## DIRECTIONS
With the pictures left out, copy the records below exactly from the first line down to the line holding "BC tại D và", and include that line.

## INFORMATION GIVEN
= Beginning of Section =

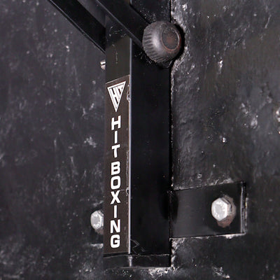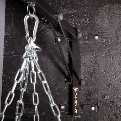 The Hit Boxing Folding Hook is a heavy-duty folding wall bracket that stands 24 inches from the wall and folds easily back in when not in use. The folding hook is made of iron and coated black. The hook is compatible with the Hit boxing and all other punch bags and must be connected to a solid wall or brick.
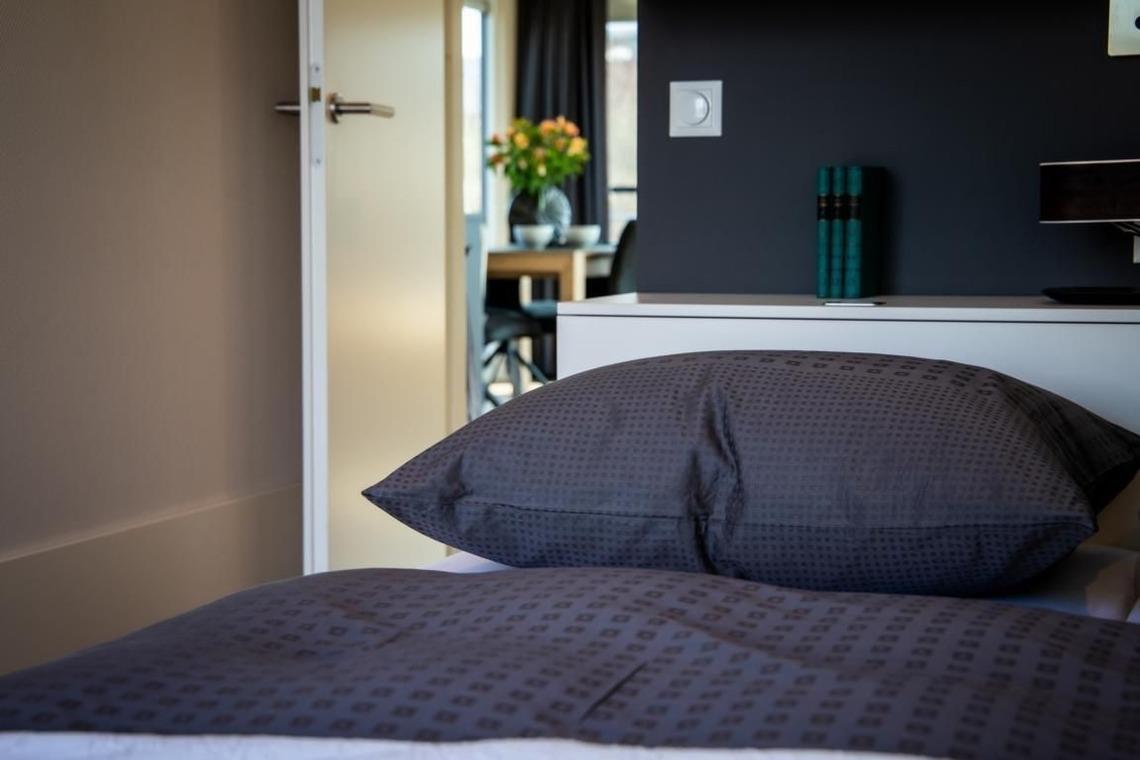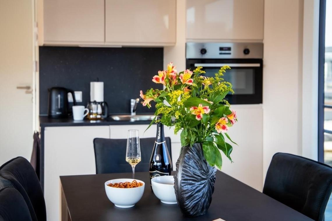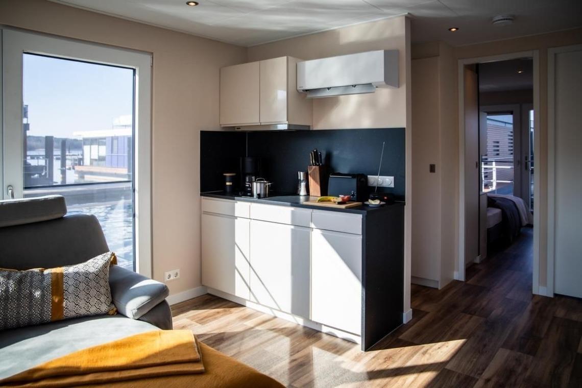 Ein Gas-Kaminofen im Wohnraum sorgt für Gemütlichkeit an kühleren Abenden. Getrennt steuerbare Klimaanlagen in beiden Schlafzimmern und dem Wohnraum ermöglichen jedem Gast die perfekte Temperierung des jeweiligen Aufenthaltsraumes. Badezimmer und WC sind mit Heizungen ausgestattet. An allen Fenstern und Türen des Floatinghouses sind Sichtschutz-Plissees oder Vorhänge angebracht. Die offene Küche ist mit einem Glaskeramikkochfeld (2 Platten) und einem Backofen in ergonomischer Einbauhöhe eingerichtet. Für den alltäglichen Komfort findet sich neben dem Kühlschrank auch ein Geschirrspüler.
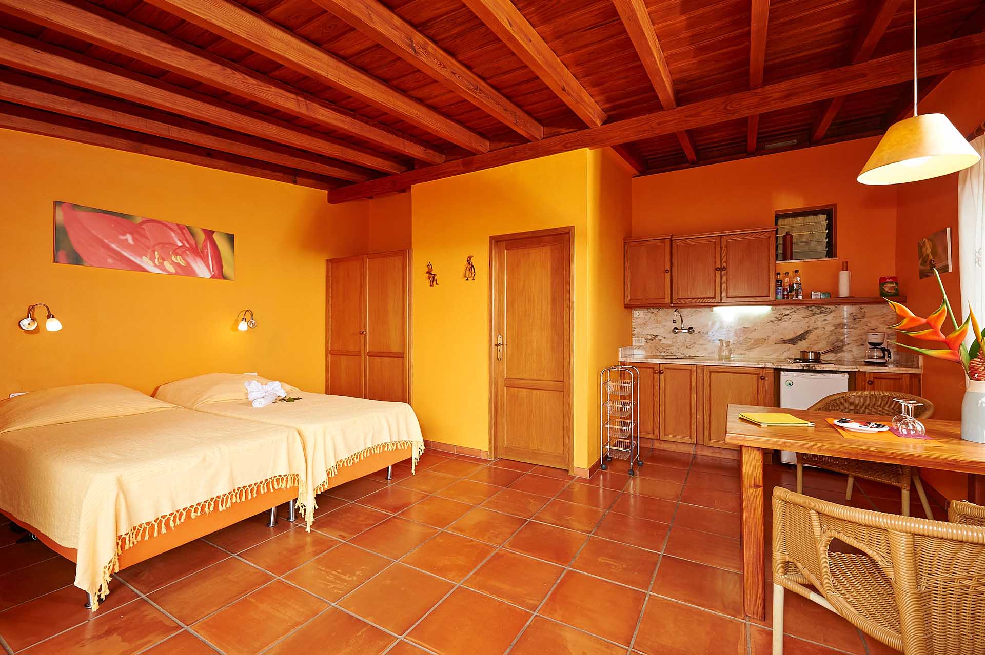 Diese Apartmentanlage für bis zu 29 Personen wird seit Jahrzehnten erfolgreich betrieben und befindet sich unterhalb von Las Norias auf einer Höhe von nur 150 m über dem Meer mit fantastischem Atlantikblick inmitten eines prächtigen botanischen Gartens.
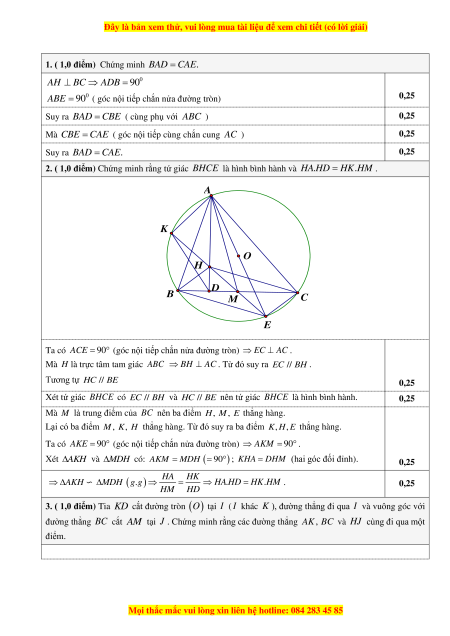 BC tại D và AE là đường kính của đường tròn (O) . A K O H D B M C E
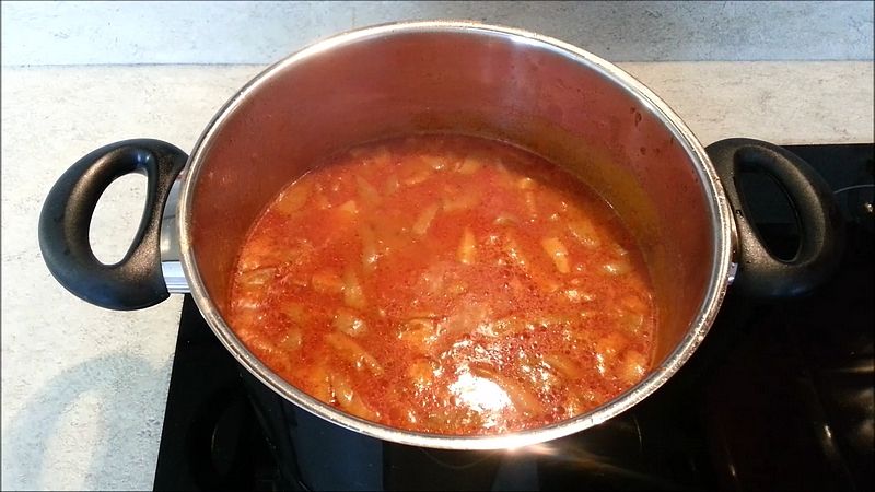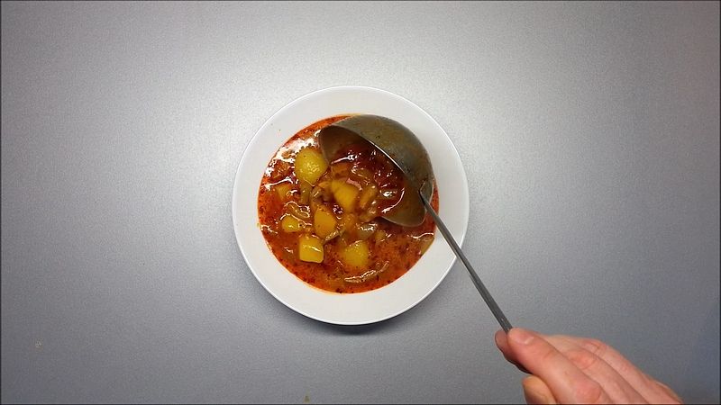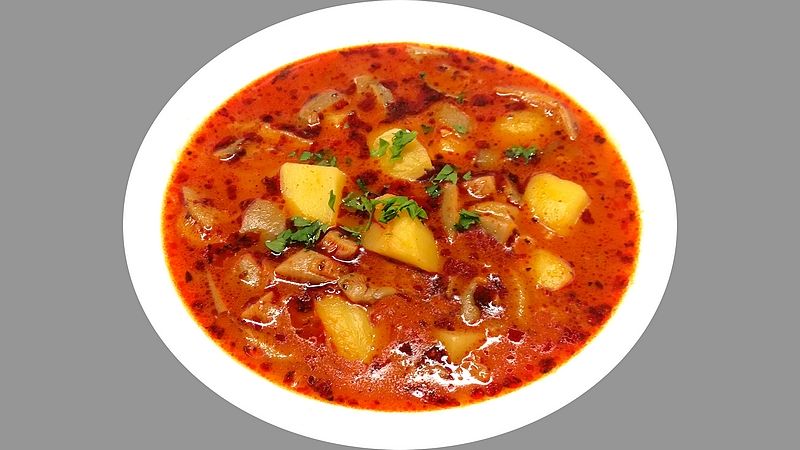 Cibuli osmažíme na oleji. Ke konci přidáme 2 lžíce sladké mleté papriky a 1 lžíci hladké mouky a ještě pár vteřin osmažíme. Poté vše zalijeme studenou vodou, přidáme nakrájený česnek, 1/2 lžičky kmínu, 4 kuličky nového koření, 1 bobkový list, 1 bujon, pepř, nakrájené brambory a hlívu ústřičnou a vaříme doměkka.
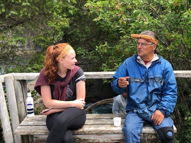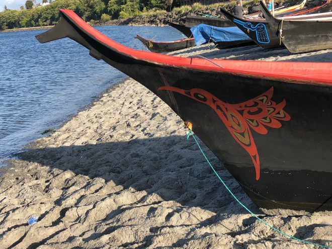 Culturally our day was very intriguing; it certainly gave us lots to talk about and to think about. At one point Jenny overheard a group of people saying they thought the ceremony was turning into a, “Reprimand of the white man.” Indeed, there was some of that in a few of the exchanges that we heard but I think it was misconstrued as two of the young girls welcoming the canoes, speaking their native language, were blond haired and blue eyed, clearly a descendant of the “white man” somewhere along the line and probably closer to what Spencer was talking about when speaking of the loss of pure blood lines.

= End of Section =

## ANSWER FOR THIS EXERCISE
 The Hit Boxing Folding Hook is a heavy-duty folding wall bracket that stands 24 inches from the wall and folds easily back in when not in use. The folding hook is made of iron and coated black. The hook is compatible with the Hit boxing and all other punch bags and must be connected to a solid wall or brick.
 Ein Gas-Kaminofen im Wohnraum sorgt für Gemütlichkeit an kühleren Abenden. Getrennt steuerbare Klimaanlagen in beiden Schlafzimmern und dem Wohnraum ermöglichen jedem Gast die perfekte Temperierung des jeweiligen Aufenthaltsraumes. Badezimmer und WC sind mit Heizungen ausgestattet. An allen Fenstern und Türen des Floatinghouses sind Sichtschutz-Plissees oder Vorhänge angebracht. Die offene Küche ist mit einem Glaskeramikkochfeld (2 Platten) und einem Backofen in ergonomischer Einbauhöhe eingerichtet. Für den alltäglichen Komfort findet sich neben dem Kühlschrank auch ein Geschirrspüler.
 Diese Apartmentanlage für bis zu 29 Personen wird seit Jahrzehnten erfolgreich betrieben und befindet sich unterhalb von Las Norias auf einer Höhe von nur 150 m über dem Meer mit fantastischem Atlantikblick inmitten eines prächtigen botanischen Gartens.
 BC tại D và AE là đường kính của đường tròn (O) . A K O H D B M C E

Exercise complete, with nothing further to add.